Dans tous les cas, et quel que soit le mode de contamination inter humaine, seuls les sujets malades symptomatiques sont contagieux, pas ceux en période d’incubation. La durée de la période d’incubation, aujourd’hui encore inconnue, peut aller de quelques heures à quelques semaines. Or, cette durée est fondamentale car c’est le temps que possède des chercheurs pour mettre en place une prophylaxie spécifique : antibiotiques, vaccin, anticorps, antidote, détection du type de rayonnement, du type de toxique chimique…

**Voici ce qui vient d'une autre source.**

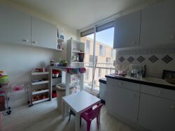 Il se compose d'une entrée avec 2 placards, d'une cuisine indépendante avec placards et hotte aspirante, d'un séjour avec double exposition donnant sur un balcon, d'un dégagement desservant 2 chambres, d'un dressing, d'une salle d'eau avec meuble vasque et douche et d'un wc indépendant.
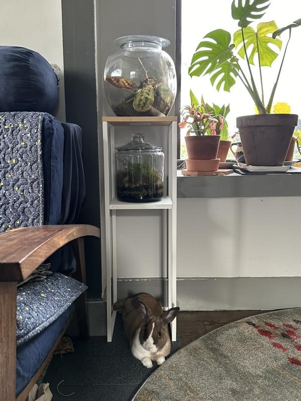 This shelf arrived in a very compact box with minimal packaging. It was easy to assemble and is now a perfect place to hold my two terrariums. It makes our space look a little less cluttered and a bit more put-together.

La détection se fera donc par prélèvements d’air, d’eau, portiques de détection de radioactivité, appareil de détection des agents chimiques dans l’air,analyses sur les malades
Il convient ensuite d’isoler les patients malades contagieux donc symptomatiques
– Chambre individuelle avec sas
– Signalisation sur la porte de l’isolement respiratoire
– Tenue complète d’isolement du personnel soignant, matériel à usage unique
- Circuit spécifique d’élimination des déchets à risque infectieux
Quelle conduite adopter en cas de contamination
Si vous êtes contaminés, merci de vous diriger vers l’hôpital de votre zone ou le poste médical avancé le plus rapidement possible. Si vous êtes en période d’incubation et que la cause de la zombification est connue, vous pouvez encore être sauvé. Dans le cas contraire, vous serez remis entre les mains des militaires.

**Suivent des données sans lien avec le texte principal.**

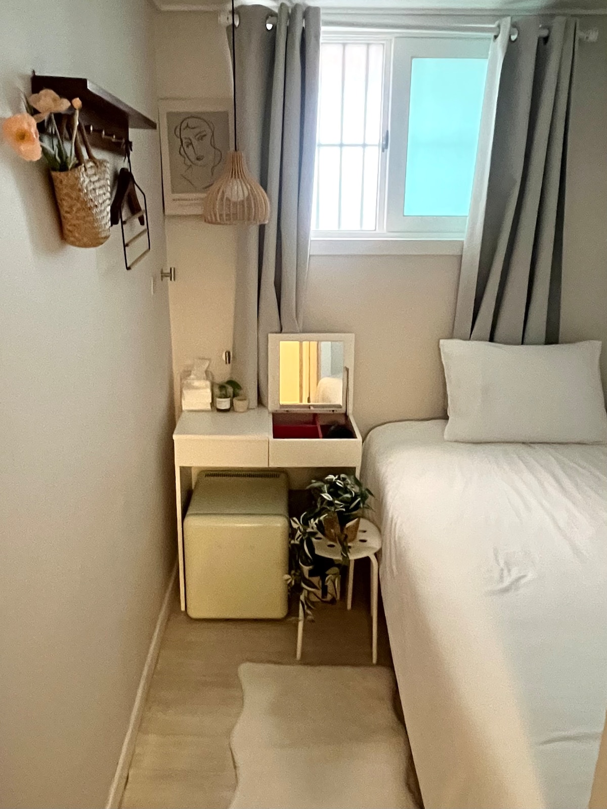 - 房间7坪,床135*200,书桌1300*600,可以保管行李 - 具备可办公、可做饭的简单餐具,智能电视 50 英寸 - Wifi, 大衣柜, 大冰箱, 洗衣机, 晾衣架, 吹风机, 毛巾, 纸巾, 水 收费停车 洗发水、沐浴露、护发素、香皂 - 从仁川机场到宿舍正门乘坐机场巴士时56分钟(包括6分钟步行) - 从宿舍可以走着去的地方 大创(6分钟),OLIVE YOUNG(3分钟),时代广场(3分钟),汗蒸房(6分钟) -从宿舍坐地铁去的地方 (附近有 1 号线永登浦站、2 号线文来站、5 号线永登浦市场站) 东大门 DDP(41 分钟),汝矣岛汉江公园(21 分钟),清溪川(41 分钟),景福宫(39 分钟) 弘益大学入口站(24分钟),北村韩屋村(41分钟),明洞(36分钟),圣水洞(47分钟) 文来洞(12分钟),永登浦站是KTX停车站,去釜山等地方很方便。 清晨感受着从窗户照进来的温暖阳光 晚上坐在房间的窗边享受时代广场的夜景

L’ alerte aux populations se fera via le réseau national d’alerte (RNA). Il s’agit d’un réseau constitué d’environ 4 500 sirènes réparties sur le territoire ; il est hérité de la seconde guerre mondiale. Les signaux actuels ont été définis par l’arrêté du 23 mars 2007 relatif aux caractéristiques techniques du signal national d’alerte. Ce signal consiste en trois cycles successifs d’une durée de 1 minute et 41 secondes chacune et séparés par un intervalle de 5 secondes, d’un son modulé en fréquence.
Lorsque le signal d’alerte retentit, les personnes non contaminées doivent
- se confiner dans l’endroit clos le plus proche (domicile, lieu public, entreprise, école…) en colmatant les ouvertures, en coupant les ventilations, climatiseurs et chauffages, et en restant loin des fenêtres ;
- s’abstenir de faire des flammes, de fumer, d’ouvrir les fenêtres ;
- s’abstenir de téléphoner (ni téléphone fixe, ni téléphone mobile) sauf détresse vitale, afin de laisser les lignes libres pour les secours ;
- écouter la radio : France Inter sur grandes ondes (1 852 m, 162 kHz) : il s’agit de la radio du service public et en cas de destruction de l’émetteur FM le plus proche, l’émission en grandes ondes peut toujours être captée ; à défaut, écouter France Info ou toute radio locale. La radio fournira les consignes à suivre
Dans le cadre de la prévention de ce risque l’idéal serait de se construire un abris antiatomique. En tout état de cause vous devez absolument posséder un kit de survie.
Le kit de survie
- un papier d’identité et une photographie des proches
- penser à une monnaie d’échange (cigarettes)
- sac à dos imperméable
- carte de la région et une boussole
- jumelles
- masque à gaz
- couteau suisse
- grand couteau à lame mixte
- machette
- lampe (torche à manivelle ou solaire)
- radio (manivelle ou solaire)
- piles
- briquets
- miroir
- corde et mousquetons
- comprimés purificateur d’eau
- sac de couchage étanche
- gourdes (stock d’eau)
- kit de pêche
- quelques sous vêtements, et polaire / K-way, et porter gants, cagoule, chaussures de marche et vêtements épais type cuir
- nourriture non périssable (conserves, ration, barre énergétique…)
- boule quies
- trousse de premier secours
- Couvertures de survie
- Pince à écharde
- Ciseaux
- Désinfectant
- Compresses / Pansements
- Bandes compressives type Cohéban
- Kit de suture
- Comprimés d’iode (si apocalypse d’origine radio nucléaire)
- Antibiotiques et antalgiques
J’espère ne rien avoir oublié. Bonne chance à tous…















le 21/12/12 une epidemie ? pourquoi pas , avec le terrorisme et tt ses labo qui teste tout et n’importe quoi , les prediction annonce un changement dans l’humanité et non la fin du monde
Boule Quies pour le kit de survie? Mais comment faire, on ne va plus entendre les zombies alors!
Passionnant ton article , pour l’abri anti-atomique je m’y mets avec ma pelle et ma pioche mais je vais devoir sacrifier le potager, damned!!